WHO Releases First Global Guidelines on Weight-Loss Medicines

The World Health Organization (WHO) has issued its first-ever guideline on a new generation of weight-loss medications — a major move that could reshape global obesity treatment as rates continue to climb.

The recommendations center on GLP-1 therapies, a fast-growing class of drugs that includes liraglutide, semaglutide, and tirzepatide. WHO’s new guidance offers conditional recommendations on how these medicines can be used safely and effectively as part of long-term obesity care.

A growing global crisis

Obesity now affects more than one billion people worldwide, contributing to an estimated 3.7 million deaths in 2024. Without stronger action, the WHO warns the number of people living with obesity could double by 2030. This surge poses enormous challenges for healthcare systems and could result in $3 trillion in annual economic losses.

Given WHO’s role as the world’s leading public health authority, the new guideline is expected to influence national policies, insurance decisions, and clinical practices at a time when demand for effective weight-loss treatments is exploding.

WHO Director-General Tedros Adhanom Ghebreyesus commented:

Obesity is a major global health challenge. Our new guidance recognises that obesity is a chronic disease that can be treated with comprehensive and lifelong care. While medication alone won’t solve this global health crisis, GLP-1 therapies can help millions overcome obesity and reduce its associated harms.

Obesity recognized as a complex and chronic condition

The WHO stresses that obesity is not simply due to poor lifestyle choices. Instead, it is a complex chronic disease shaped by genetics, biological factors, environment, and social conditions.

A recent mindbodygreen article stresses that:

What makes this announcement meaningful isn’t only the endorsement of medication; it’s the explicit recognition embedded within it.

The WHO is formally acknowledging obesity as a chronic, relapsing disease requiring comprehensive, lifelong medical management. Not a character flaw. Not a willpower deficit. A complex metabolic condition deserving the same comprehensive, lifelong care we afford any other chronic illness.

Obesity increases the risk of heart disease, type 2 diabetes, and several cancers, and it can also worsen outcomes for infectious diseases. For many individuals, long-term weight loss is extremely difficult without medical assistance.

GLP-1 therapies help by mimicking a natural hormone that regulates appetite, blood sugar, and digestion. These medications can trigger meaningful weight loss and significant health improvements.

WHO added GLP-1 therapies to its Essential Medicines List in 2025 for high-risk diabetes patients, and the new guideline now recommends long-term use for adults with obesity, except during pregnancy.

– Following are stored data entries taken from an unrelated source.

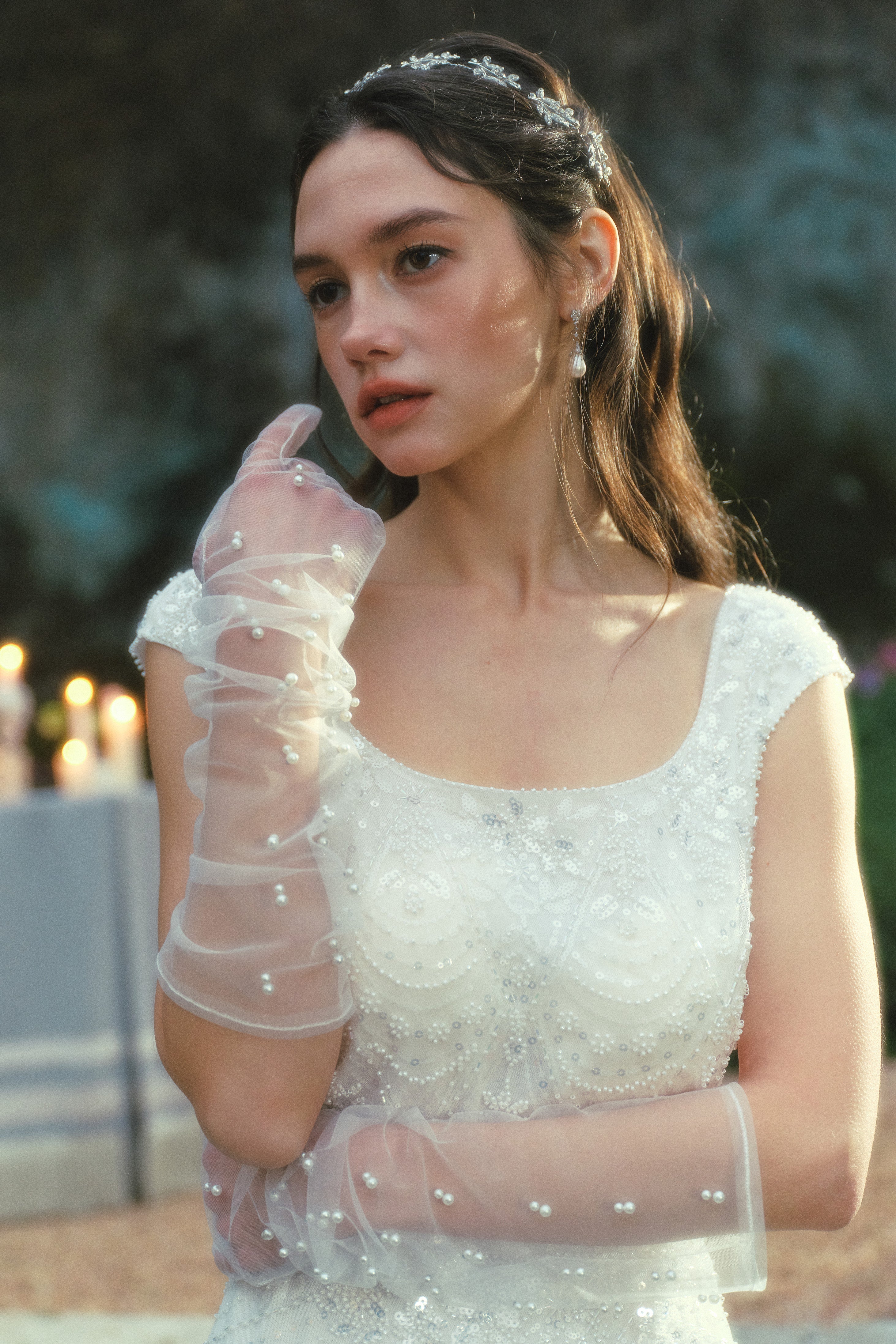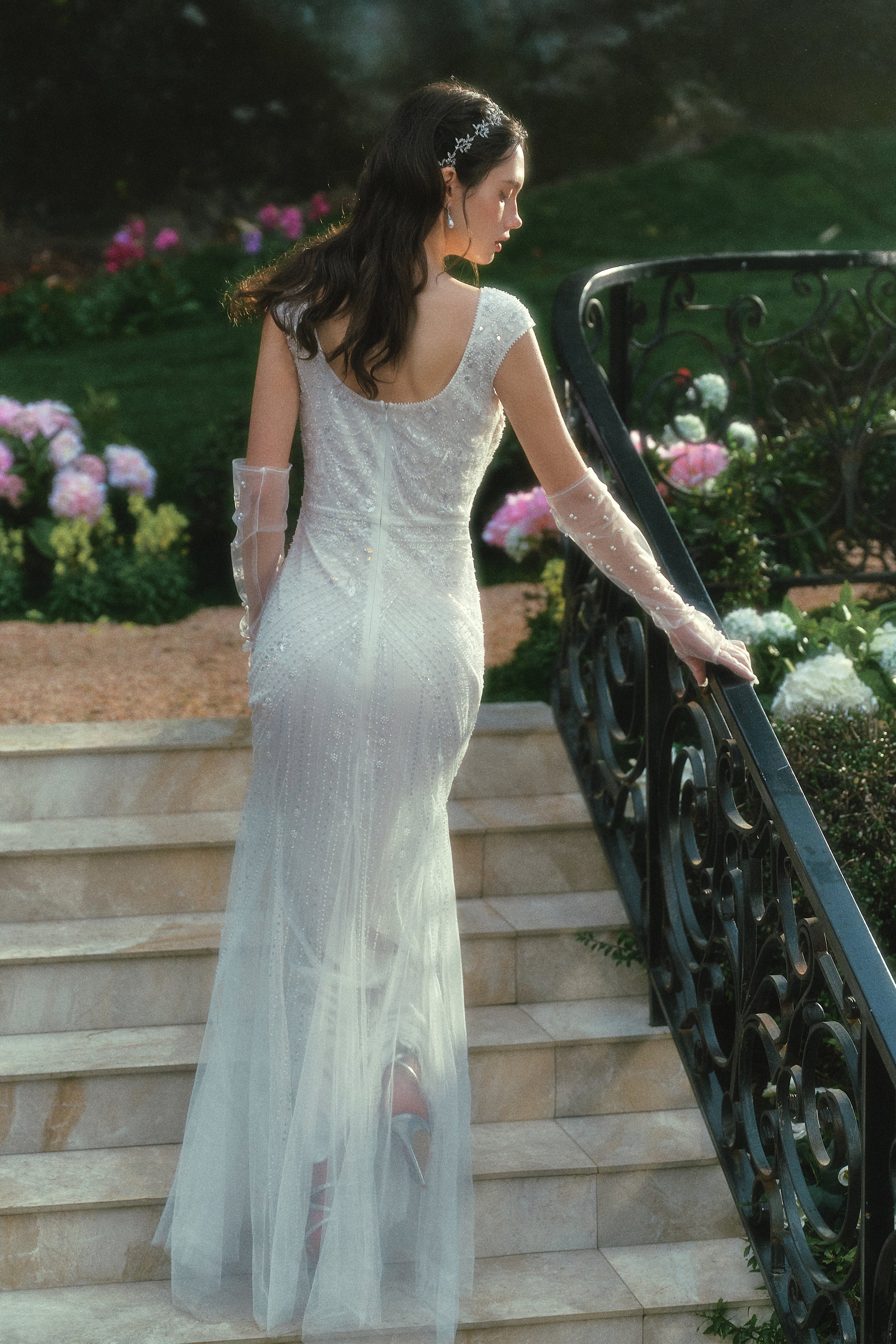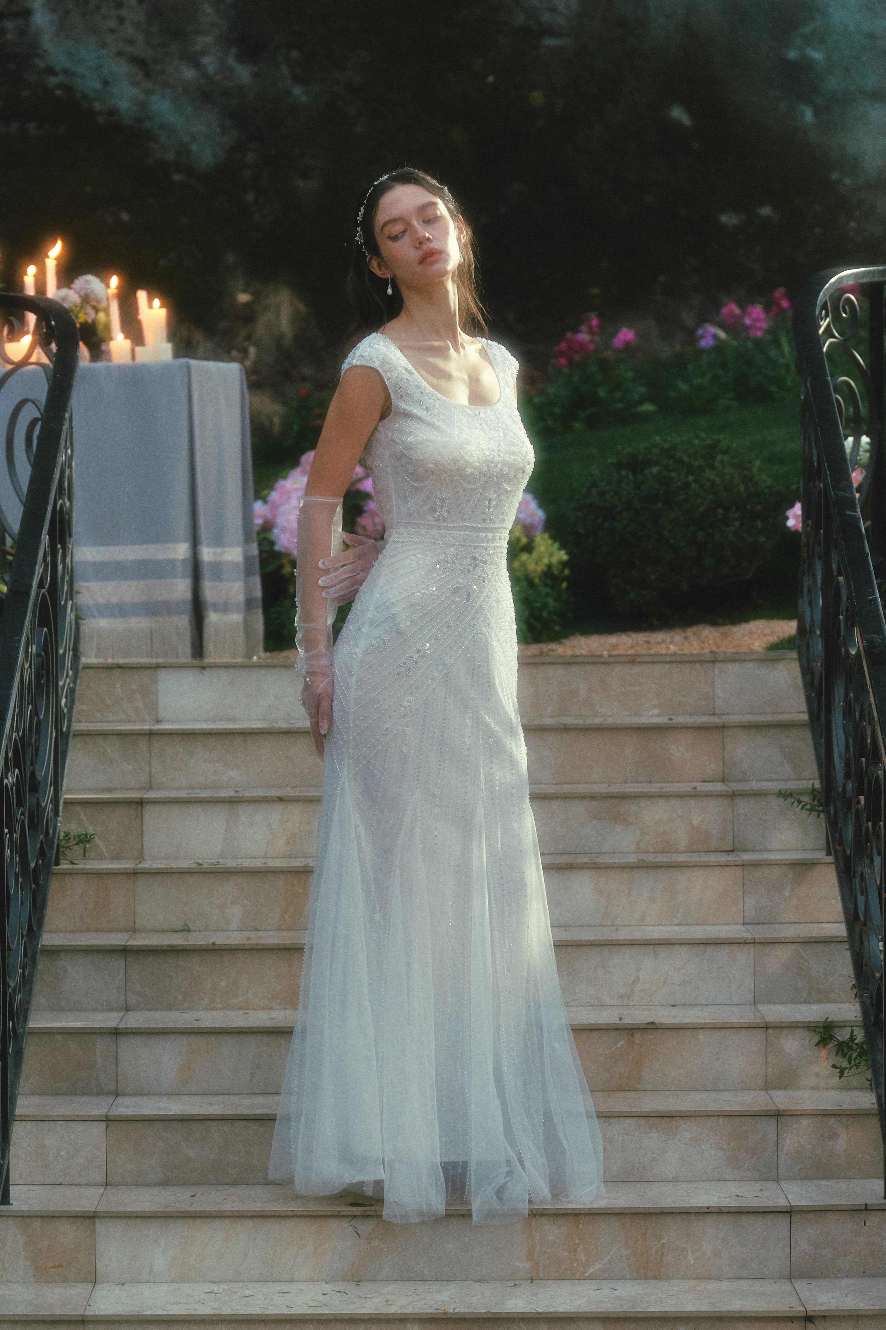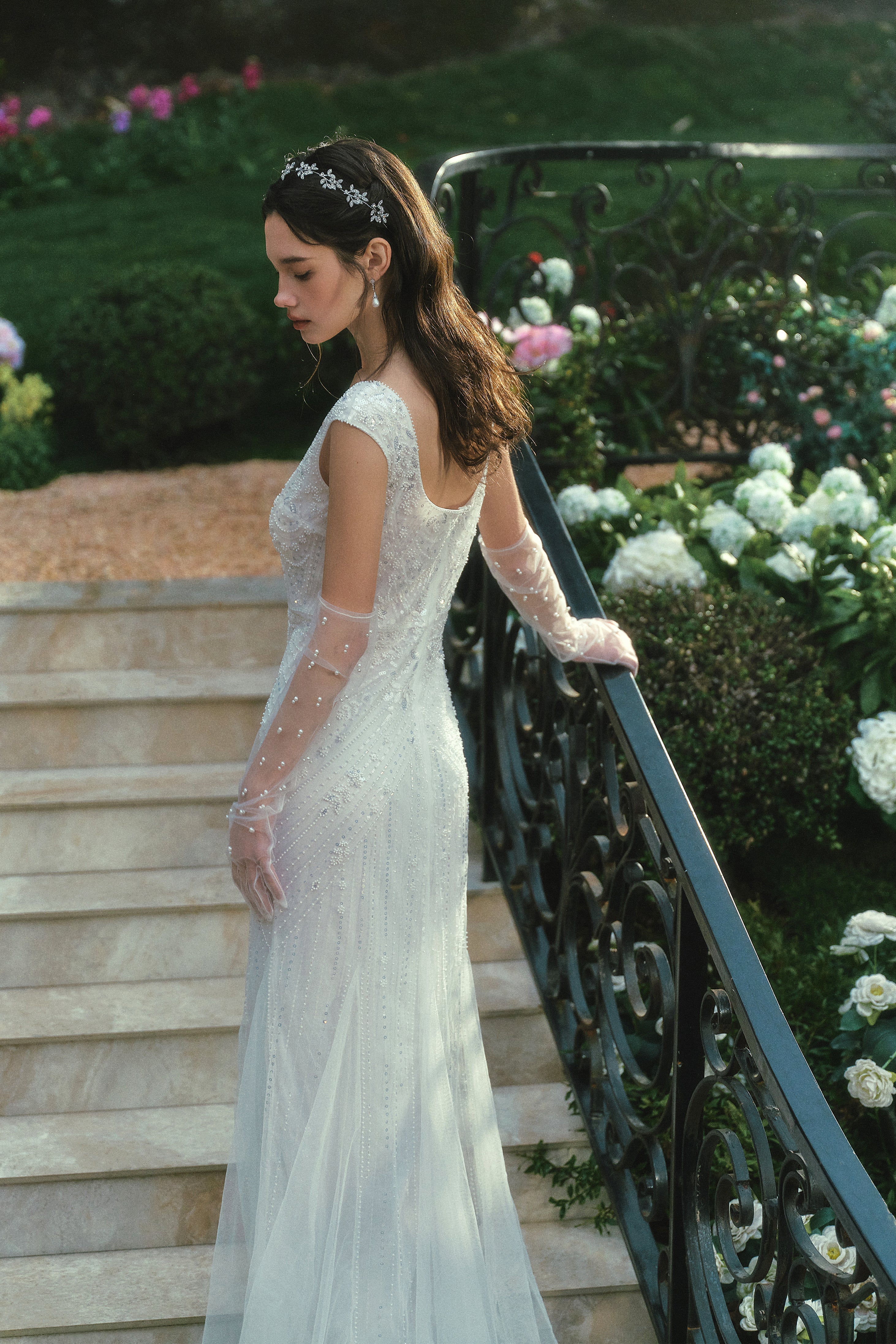She stops halfway up the garden steps, not to arrive anywhere, only to look. The tulle glows softly, a delicate fishtail tracing her movement. Beaded floral motifs at the bodice catch what little light remains, quiet but undeniable. Surrounded by flowers and grass, she watches the world with gentle curiosity, lingering without expectation.
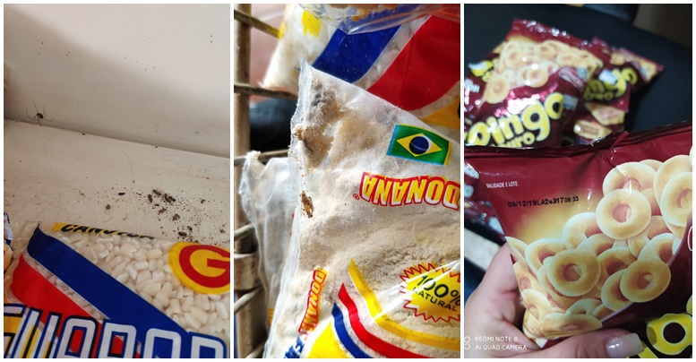 Segundo a equipe, o que mais chamou a atenção foi presença de insetos que andavam dentro dos pacotes de produtos expostos nas gôndolas, colocando em risco a saúde do consumidor.
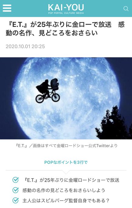 金曜ロードSHOW!に25年ぶりの帰還、 感動の名作『E.T.』✨ 10/2(金)21時~地上波放送を記念し、@KAI_YOU_ed にて特集記事を掲載していただきました。大好きな映画『E.T.』の見どころを書いております。 金曜の夜は是非、親子揃って金ローで最高の思い出を!✨📺🌕🚲👽 #金曜ロードSHOW #映画 #ET https://t.co/41ttnvOHKY
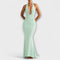 Padarykite kiekvieną pasirodymą nepamirštamą su šia suknele. Sukurta taip, kad puikiai apglėbtų kiekvieną kreivę, ji pagaminta iš aukštos kokybės matinio džersio audinio su šiek tiek elastingumo papildomam komfortui. Apipavidalinta giliu U formos iškirpimu, sustiprinta viela, ir reguliuojamu iškirpimu, ji tobulai pabrėžia šonus ir nugarą, baigiasi žuvies uodegos apdaila su nuostabia uodega.
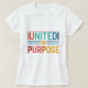 Ce t-shirt présente le message d'unité et les objectifs partagés avec le texte "United in Purpose" affiché dans un schéma multicolore dynamique. Chaque mot utilise une couleur audacieuse différente, créant un design dynamique et attrayant qui célèbre la collaboration et une cause commune.
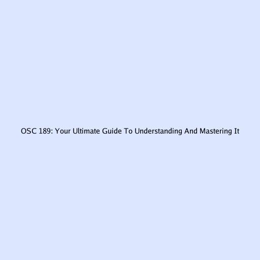 OSC 189: Your Ultimate Guide to Understanding and Mastering It
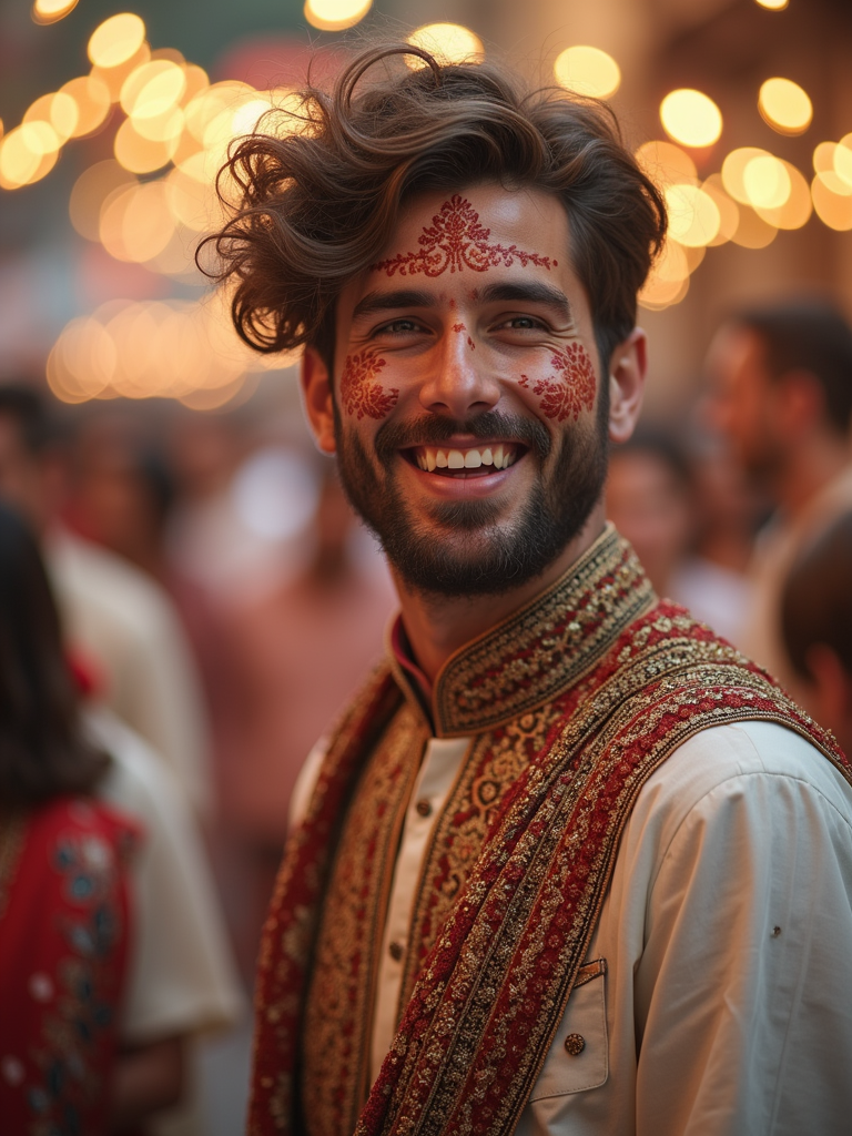 a model in traditional Eid clothes, capturing their joyful energy during the celebrations, with henna designs and festive decorations

However, the guidance remains conditional because of limited long-term safety data, questions around maintaining weight loss after stopping treatment, high cost, and concerns about unequal access across regions.

Medication isn’t enough

A major theme throughout the guideline is that GLP-1 drugs cannot serve as a standalone solution. mindbody green chimes in:

The WHO’s new guidelines recommend these medications for long-term obesity management in adults (excluding pregnant women), but with a critical caveat: they must be combined with what the document calls “intensive behavioural interventions,” structured, ongoing programs involving nutrition counseling, physical activity support, and behavioral health services…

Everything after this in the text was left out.